Segment Start: Source material

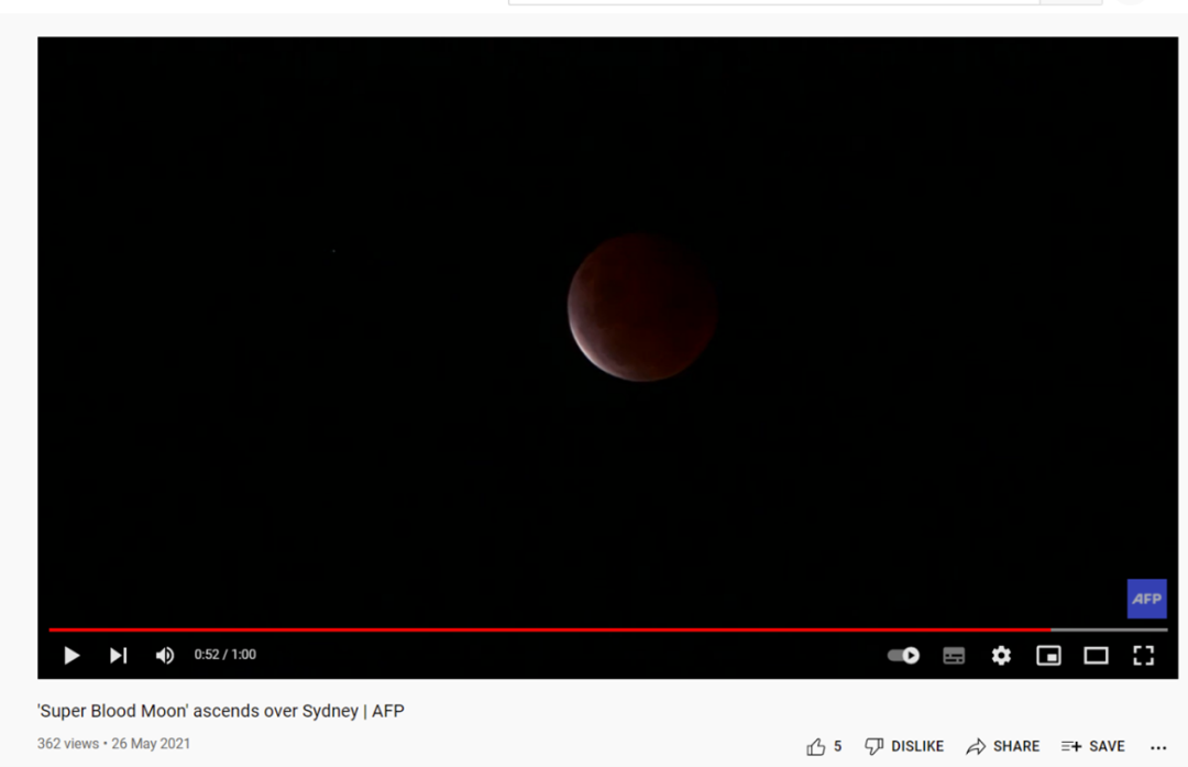 2021年5月25日至27日晚,一场超级月食在大洋洲、夏威夷、亚洲东部和南极洲等地上演。法新社对此亦有报道,并在希腊雅典和澳大利亚悉尼等地捕捉到了月食发生瞬间的图片,互联网上遂有“超级月亮遮天蔽日的视频和消息”传出。
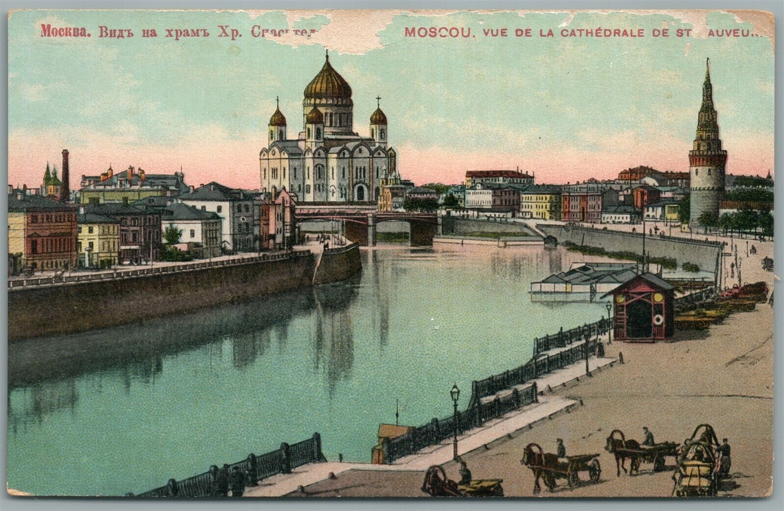 RUSSIA MOSCOW ST.SAVIOR CATHEDRAL VIEW ANTIQUE POSTCARD
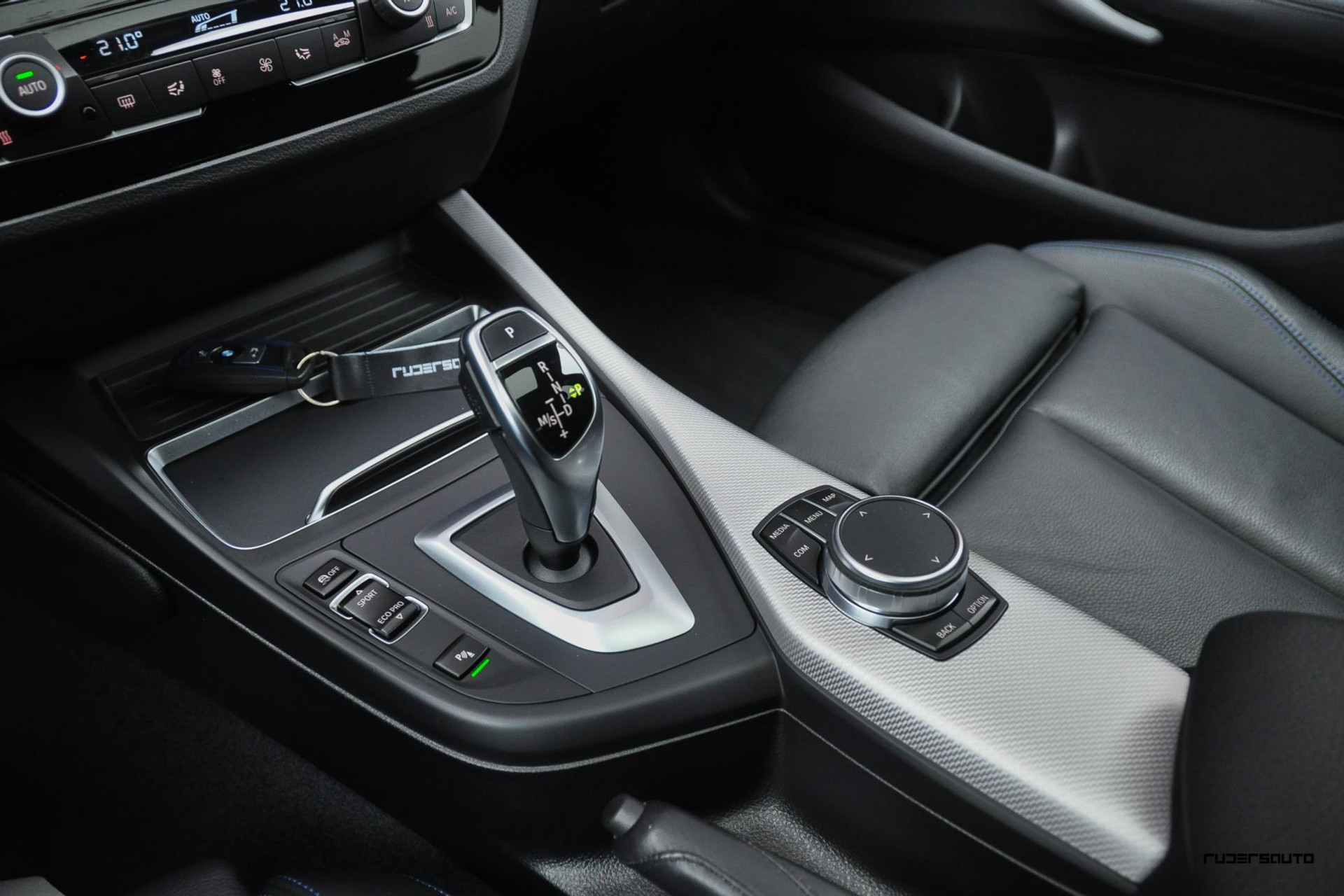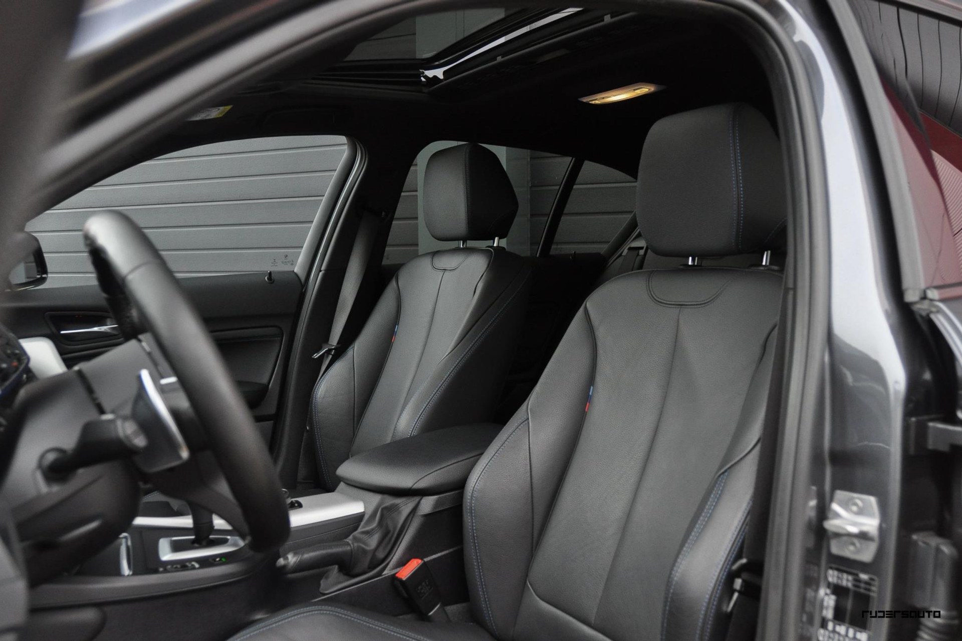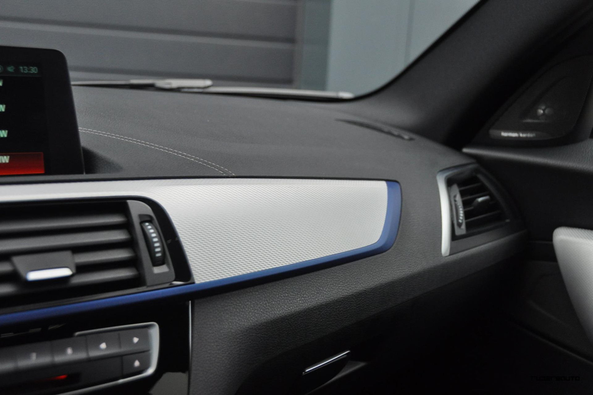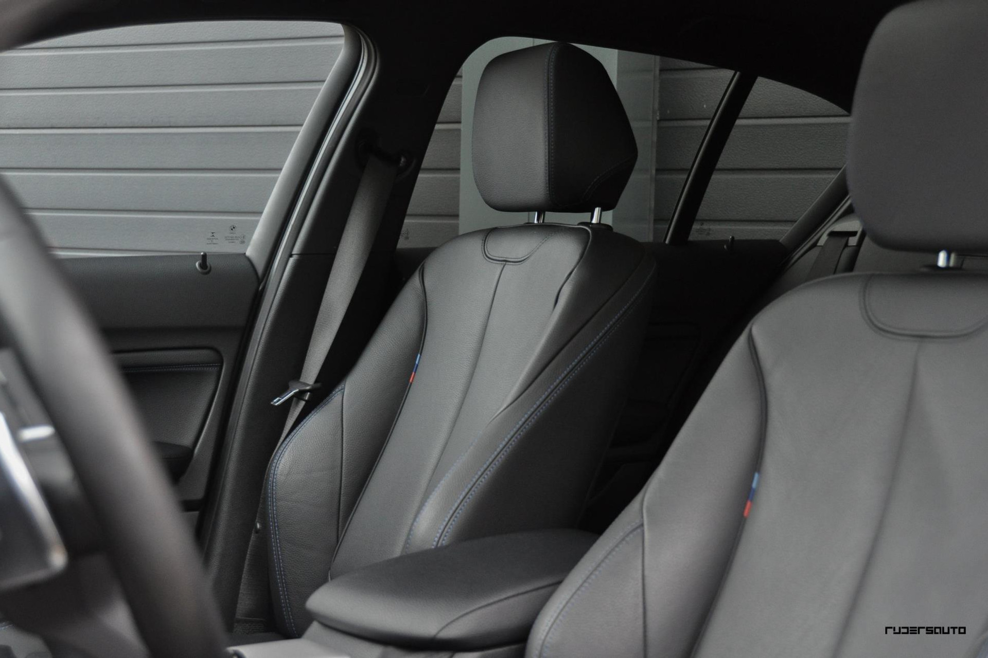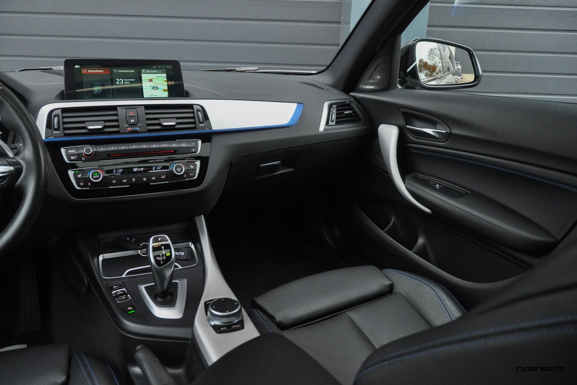 - Lederen sportstoelen met blauwe stiksels
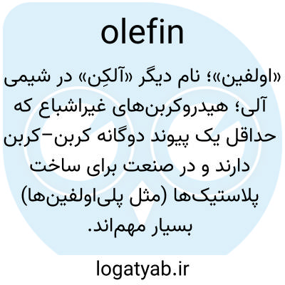 «اولفین»؛ نام دیگر «آلکِن» در شیمی آلی؛ هیدروکربن‌های غیراشباع که حداقل یک پیوند دوگانه کربن–کربن دارند و در صنعت برای ساخت پلاستیک‌ها (مثل پلی‌اولفین‌ها) بسیار مهم‌اند.
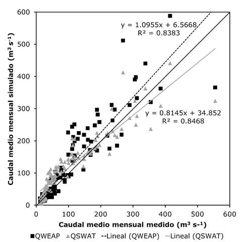 Figura 5 Relación entre caudales medios mensuales observados y simulados con SWAT y WEAP en la cuenca del río Sordo.
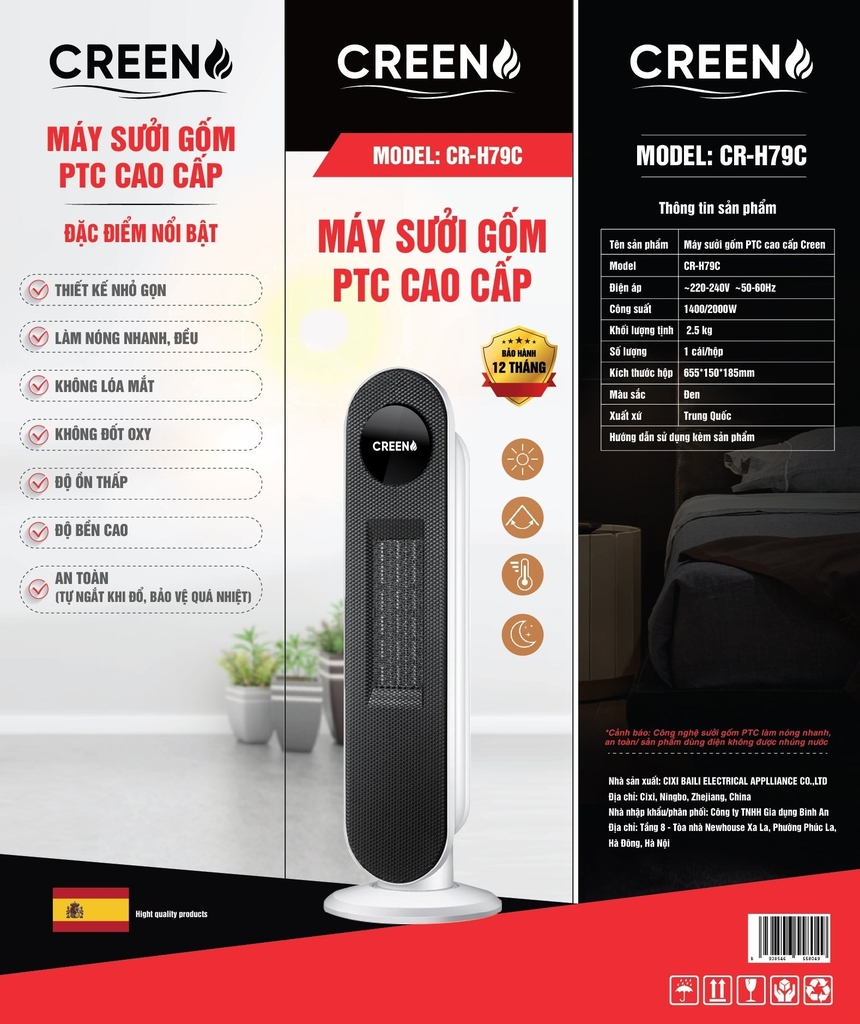 Máy sưởi gốm cao cấp CREEN CR-H79C là dòng sưởi ấm vượt trội với các tinh năng đặc biệt sau
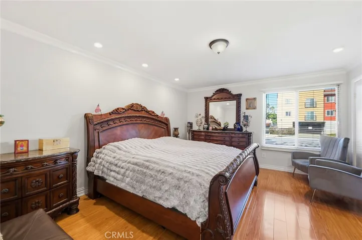 Beautifully maintained first-floor, front-unit 2-bedroom condo in the heart of Van Nuys. This bright, move-in-ready home features an open-concept layout with a gas fireplace and a private balcony. The updated kitchen offers granite countertops, modern cabinetry, and sleek fixtures, flowing seamlessly into the dining and living areas. Enjoy laminate flooring, crown and base moldings, recessed lighting, and updated window blinds throughout. The spacious primary suite includes a walk-in closet and a refreshed en-suite bath with granite counters and tiled floors. The oversized second bedroom offers generous closet space, and both bathrooms feature clean, modern finishes. Additional highlights include in-unit laundry hookups, extra storage, a private one-car garage, and convenient guest parking nearby. located in a well-kept community with a pool, gym, recreation room, and lush landscaping, this quiet building offers comfort, convenience, and style in a prime location.
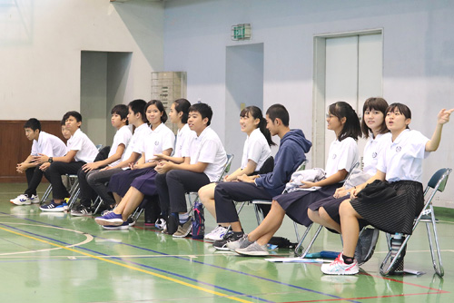 出番が終わり、くつろぐ様子の中学部の英語暗唱・スピーチコンテスト参加者たち=6日午後2時ごろ、首都圏タギッグ市のマニラ日本語学校で岡田薫撮影
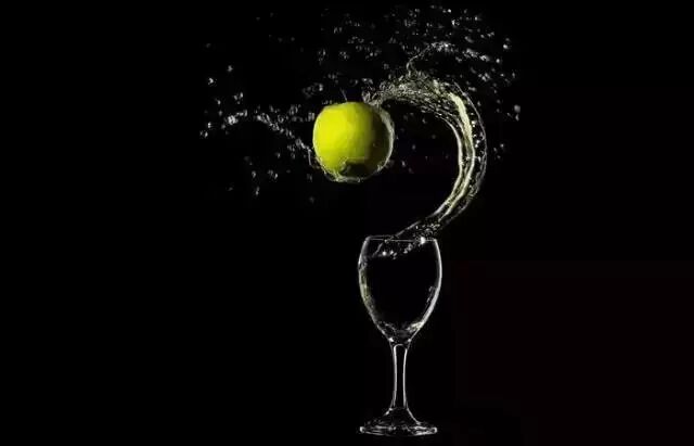 在玻璃器皿中倒入液体,如红酒、啤酒、橙汁等,用投射布光的方法可以提高液体的色彩饱和度,从而获得浓艳的色彩效果。
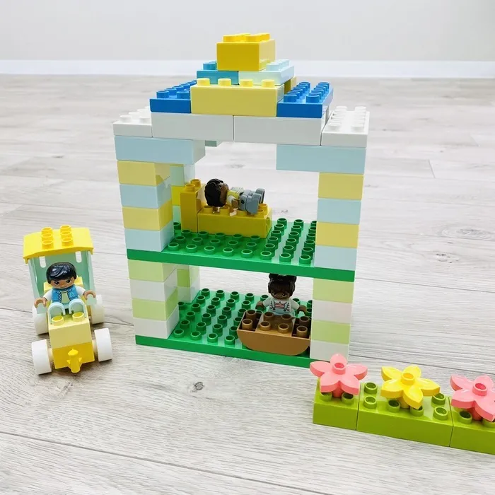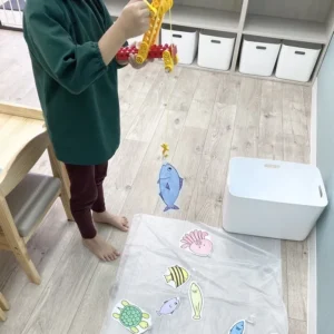 2階を作ったりして建物の柱の必要性などを知ったり、ここはキッチンでここはお風呂など部屋の役割に触れながらごっこ遊びを楽しみます

Segment End: Source material

What you are asked to do:
What is needed is a verbatim copy of every entry, with the pictures omitted.

Exercise result:
 2021年5月25日至27日晚,一场超级月食在大洋洲、夏威夷、亚洲东部和南极洲等地上演。法新社对此亦有报道,并在希腊雅典和澳大利亚悉尼等地捕捉到了月食发生瞬间的图片,互联网上遂有“超级月亮遮天蔽日的视频和消息”传出。
 RUSSIA MOSCOW ST.SAVIOR CATHEDRAL VIEW ANTIQUE POSTCARD
 - Lederen sportstoelen met blauwe stiksels
 «اولفین»؛ نام دیگر «آلکِن» در شیمی آلی؛ هیدروکربن‌های غیراشباع که حداقل یک پیوند دوگانه کربن–کربن دارند و در صنعت برای ساخت پلاستیک‌ها (مثل پلی‌اولفین‌ها) بسیار مهم‌اند.
 Figura 5 Relación entre caudales medios mensuales observados y simulados con SWAT y WEAP en la cuenca del río Sordo.
 Máy sưởi gốm cao cấp CREEN CR-H79C là dòng sưởi ấm vượt trội với các tinh năng đặc biệt sau
 Beautifully maintained first-floor, front-unit 2-bedroom condo in the heart of Van Nuys. This bright, move-in-ready home features an open-concept layout with a gas fireplace and a private balcony. The updated kitchen offers granite countertops, modern cabinetry, and sleek fixtures, flowing seamlessly into the dining and living areas. Enjoy laminate flooring, crown and base moldings, recessed lighting, and updated window blinds throughout. The spacious primary suite includes a walk-in closet and a refreshed en-suite bath with granite counters and tiled floors. The oversized second bedroom offers generous closet space, and both bathrooms feature clean, modern finishes. Additional highlights include in-unit laundry hookups, extra storage, a private one-car garage, and convenient guest parking nearby. located in a well-kept community with a pool, gym, recreation room, and lush landscaping, this quiet building offers comfort, convenience, and style in a prime location.
 出番が終わり、くつろぐ様子の中学部の英語暗唱・スピーチコンテスト参加者たち=6日午後2時ごろ、首都圏タギッグ市のマニラ日本語学校で岡田薫撮影
 在玻璃器皿中倒入液体,如红酒、啤酒、橙汁等,用投射布光的方法可以提高液体的色彩饱和度,从而获得浓艳的色彩效果。
 2階を作ったりして建物の柱の必要性などを知ったり、ここはキッチンでここはお風呂など部屋の役割に触れながらごっこ遊びを楽しみます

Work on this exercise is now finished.